Когда же слез не стало, замкнул свое оскорбленное сердце против всего этого большого и такого неуютного интерната совсем наглухо.
Далее при Гуле, когда ей стало известно о водяном происшествии, когда она, крадучись, заглянула к Пашке и сказала: «Да, Паша, я верю, что все произошло нечаянно...»,— то Пашка и головы не повернул от стенки и накрылся глухо одеялом. А из-под укрытия пробормотал:
— Я эту Косову не люблю здесь больше всех... Встреч с Косовой всячески избегал, да и Косова им не очень-то интересовалась. По ее понятиям: справедливое наказание озорник-воспитанник получил, и на том — конец.
Но тут с Пашкой Зубаревым опять произошло довольно странное событие. Причем событие такое, что об этом надо рассказать совсем уж, совсем подробно.
Молчун Пашка, затворник Пашка вдруг сам опять для себя непредвиденно оказался в первом классе «Б» во главе тайного сообщества.
8
А началось это с того, что, измучась неотвязной думой о возврате в Кыж, переполненный обидой и напрасными ожиданиями, Пашка все же заговорил!
Заговорил не на уроке, не с учительницей Гулей, а зашептался в одну из переменок с тем самым Степой Калинушкиным, соседом по парте.
В одну из переменок после звонка Пашка вдруг увидел: Степа так же, как он сам, отстранился от шумной в коридоре детской толпы, тихо, одиноко встал у подоконника. За окном на голой тополиной ветке жмется, ерошится на ветру воробьишко. Невзрачный такой воробьишко — городской, чумазенький.
И Пашка тоже к стеклу присунулся и вот тут быстро, вкось глянул на Степу — шепнул:
— А у меня в Кыжу есть чиж. Его зовут Юлькой. Вылитый артист. Певучий-распевучий и почти говорящий... Он живет теперь при бабушке. И мне с ними, с бабушкой и с Юлькой, было хорошо.
Пашкиной внезапной разговорчивости Степа сперва удивился. Удивился, ничего в первый миг не ответил. Только метнул на Пашку тоже быстрый взгляд.
Потом подумал, не удержал короткий вздох да и сам зашептал:
— А у меня нигде никто ни при ком не живет... Ты сам знаешь, меня привезли вместе со всеми нашими ребятами из детского дома, из села Балабанова... Но в детском доме, в угловом сарайчике были куры, были даже цыплята. Желтые и такие, знаешь, тепленькие. Мы их любили из рук кормить. Подставишь ладонь с крошками, а они к тебе по твоим пальцам карабкаются, и в ладонь: тюки-тюк, тюки-тюк.
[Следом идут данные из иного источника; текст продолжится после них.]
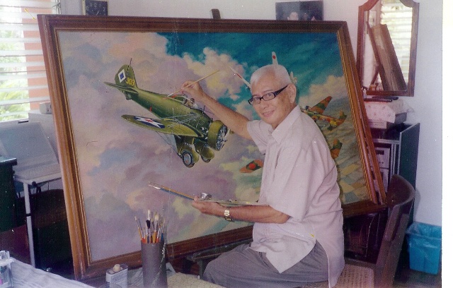 | In the succeeding year, prof. Dizon won first place in the international competition of contemporary art from 79 countries at the Golden gate International Exposition in San Francisco, California, USA, with his award winning oil painting: "AFTER A DAY'S TOIL," beating Salvador Dali of Spain to seocnd place. The third prize went to the U.S. entry, by Robert Phillip. During this time, Prof. Dizon was an art educator at the University of the Philippines, Mapua Institute of Technology and at the national Teacher's College, all in Manila. Dan remembers that his father's FIRST PRIZE win sent manila and the entire country into uproar. The outbreak of World War II starting December 08, 1941, made life very difficult for the Dizon. In Early 1942, the Japanese MilitaryAdministration ordered the reopening of all educational institutions in Manila and in the entire counry, including the University of the Philippines. Prof. Dizon refused to work under the Japanese by feigning illness. For his family to survive, he accepted occasional art commissions in his hovel in a rented apartment in Santa Cruz, Manila. Meanwhile, his family was living with his in-laws in Angeles City, Pampanga where Dan tried hard to stave-off creeping starvation by working as a part-time kitchen boy after school in the regimental Kitchen of the town's Japanese Army garrison. It did not take long when some japanese officers and soldiers discovered the artistic talent of Dan, who was supplied with hard-to-find pencils and Clean sheets of white paper to encourage him to draw. They would even pose for him their crisp uniforms and shiny firearms and then send the drawings to their families in Japan. In turn, Dan was astounded at the interest of these fierce and frightful Japanese soldiers had on art. He would soon discover that mostof them are artistically inclined and were food in drawing. Unknowingly, the Japanese introduced Dan to anew field of Art - Military Art! Very soon Dan's drawings consisted of Japanese military men, their firearms, equipment, vehicles, tanks, airplanes, etc., from memory... to the delight of his Japanese audience. |

— Что ты! — так и всколыхнулся Пашка.— Кормить пичуг — ни с чем не сравнимо! Вот у нас с бабушкой... Вот у нас в Кыжу... Вот у нас с Русаковым...— И Пашку было уже от Степы Калинушкина не отлепить, пока он Степе не выложил про Кыж все. И про Русакова, и про его пичуг, и про сосны да крутые скалы, и, конечно же, про неумолчную, железную, рядом с влажной, утренней лесенкой, дорогу.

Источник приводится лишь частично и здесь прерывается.